Mathematicians & Astronomers of ancient India

Science and Mathematics were highly developed during the ancient period in India. Ancient Indians contributed immensely to the knowledge in Mathematics as well as various branches of Science

You will be surprised to know that many theories of modern day mathematics were actually known to ancient Indians. However, since ancient Indian mathematicians were not as good in documentation and dissemination as their counterparts in the modern western world, their contributions did not find the place they deserved.

Moreover, the western world ruled over most of the world for a long time, which empowered them to claim superiority in every way, including in the field of knowledge. Let us now take a look at some of these contributions of ancient Indian mathematicians.

Baudhayan

Baudhayan was the first one ever to arrive at several concepts in Mathematics, which were later rediscovered by the western world. The value of pi was first calculated by him. As you know, pi is useful in calculating the area and circumference of a circle. What is known as Pythagoras theorem today is already found in Baudhayan’s Sulva Sutra, which was written several years before the age of Pythagoras.

Aryabhatta

Aryabhatta was a fifth century mathematician, astronomer, astrologer and physicist. He was a pioneer in the field of mathematics. At the age of 23, he wrote Aryabhattiya, which is a summary of mathematics of his time. There are four sections in this scholarly work. In the first section he describes the method of denoting big decimal numbers by alphabets.

In the second section, we find difficult questions from topics of modern day Mathematics such as number theory, geometry, trigonometry and Beejganita (algebra). The remaining two sections are on astronomy. Aryabhatta showed that zero was not a numeral only but also a symbol and a concept.

Discovery of zero enabled Aryabhatta to find out the exact distance between the earth and the moon. The discovery of zero also opened up a new dimension of negative numerals. As we have seen, the last two sections of Aryabhattiya were on Astronomy.Evidently, Aryabhatta contributed greatly to the field of science, too, particularly Astronomy. In ancient India, the science of astronomy was well advanced.

It was called Khagolshastra.Khagol was the famous astronomical observatory at Nalanda, where Aryabhatta studied. In fact science of astronomy was highly advanced and our ancestors were proud of it. The aim behind the development of the science of astronomy was the need to have accurate calendars, a better understanding of climate and rainfall patterns for timely sowing and choice of crops, fixing the dates of seasons and festivals, navigation, calculation of time and casting of horoscopes for use in astrology.

Knowledge of astronomy, particularly knowledge of the tides and the stars, was of great importance in trade, because of the requirement of crossing the oceans and deserts during night time. Disregarding the popular view that our planet earth is ‘Achala’ (immovable), Aryabhatta stated his theory that ‘earth is round and rotates on its own axis’ He explained that the appearance of the sun moving from east to west is false by giving examples.

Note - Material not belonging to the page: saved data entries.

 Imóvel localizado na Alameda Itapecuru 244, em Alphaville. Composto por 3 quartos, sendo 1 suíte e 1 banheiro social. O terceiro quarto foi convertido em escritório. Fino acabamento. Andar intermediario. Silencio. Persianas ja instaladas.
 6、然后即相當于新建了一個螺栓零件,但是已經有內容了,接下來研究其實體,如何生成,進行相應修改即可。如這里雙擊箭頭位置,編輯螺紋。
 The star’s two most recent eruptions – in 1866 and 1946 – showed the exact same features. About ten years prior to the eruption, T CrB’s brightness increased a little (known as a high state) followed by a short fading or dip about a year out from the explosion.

One such example was: When a person travels in a boat, the trees on the shore appear to move in the opposite direction. He also correctly stated that the moon and the planets shined by reflected sunlight. He also gave a scientific explanation for solar and lunar eclipse clarifying that the eclipse were not because of Rahhu and/or Ketu or some other rakshasa (demon,).

Brahmagupta

In 7th century, Brahmgupta took mathematics to heights far beyond others. In his methods of multiplication, he used place value in almost the same way as it is used today. He introduced negative numbers and operations on zero into mathematics. He wrote Brahm Sputa Siddantika through which the Arabs came to know our mathematical system.

Bhaskaracharya

Bhaskaracharya was the leading light of 12th Century. He was born at Bijapur, Karnataka. He is famous for his book Siddanta Shiromani. It is divided into four sections: Lilavati (Arithmetic), Beejaganit (Algebra), Goladhyaya (Sphere) and Grahaganit (mathematics of planets).

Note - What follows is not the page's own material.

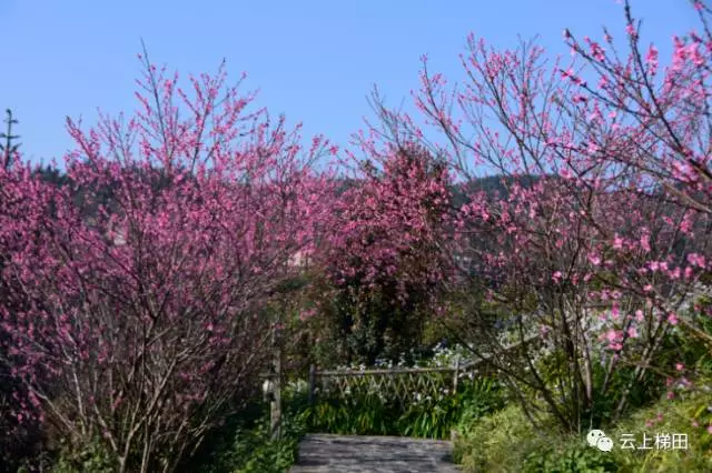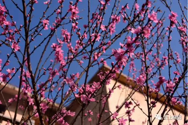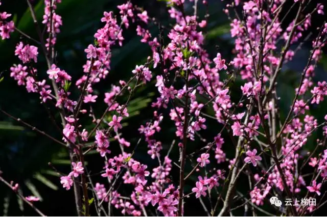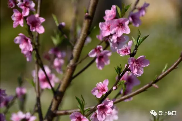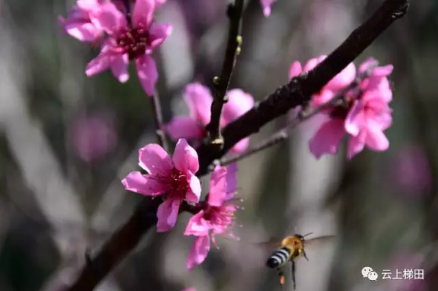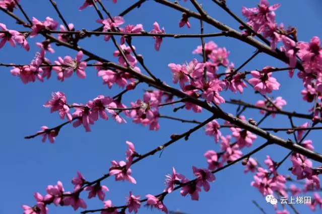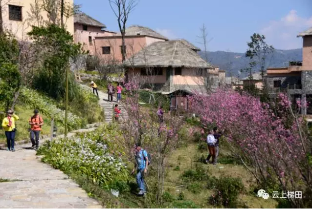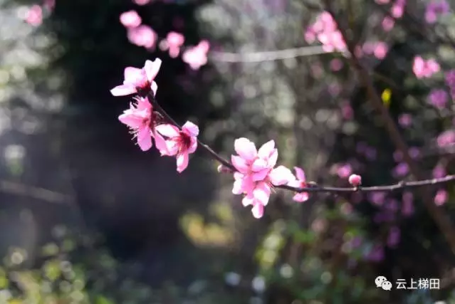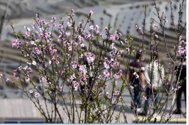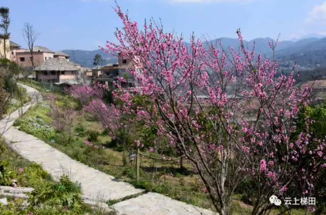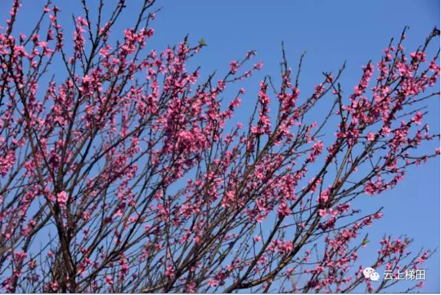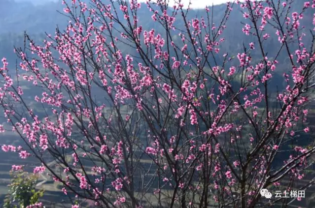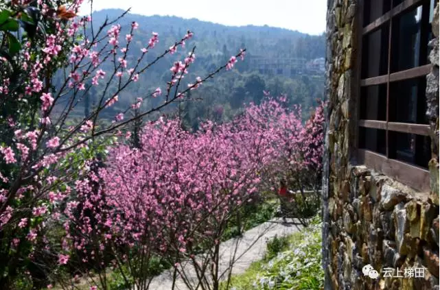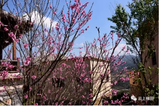 漫山遍野的桃花层层叠叠,如云似霞,春意盎然的哈尼小镇美不胜收
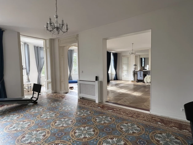 Situé en lisière de forêt, au coeur d'un parc arboré de 2,6 hectares, ce bâtiment en briques et pierre développe 769 m² non divisibles. Les trois premiers niveaux ont été rénovés entre 2010 et 2012 et proposent des espaces de travail lumineux et de beaux volumes, tandis que le troisième étage et les combles restent à réhabiliter, offrant un potentiel supplémentaire.

Bhaskara introduced Chakrawat Method or the Cyclic Method to solve algebraic equations. This method was rediscovered six centuries later by European mathematicians, who called it inverse cycle. In the nineteenth century, an English man, James Taylor, translated Lilavati and made this great work known to the world.

Mahaviracharya

There is an elaborate description of mathematics in Jain literature (500 B.C -100 B.C). Jain gurus knew how to solve quadratic equations. They have also described fractions, algebraic equations, series, set theory, logarithms and exponents in a very interesting manner.

Jain Guru Mahaviracharya wrote Ganit Sara Sangraha in 850A.D., which is the first textbook on arithmetic in present day form. The current method of solving Least common Multiple (LCM) of given numbers was also described by him. Thus, long before John Napier introduced it to the world, it was already known to Indians.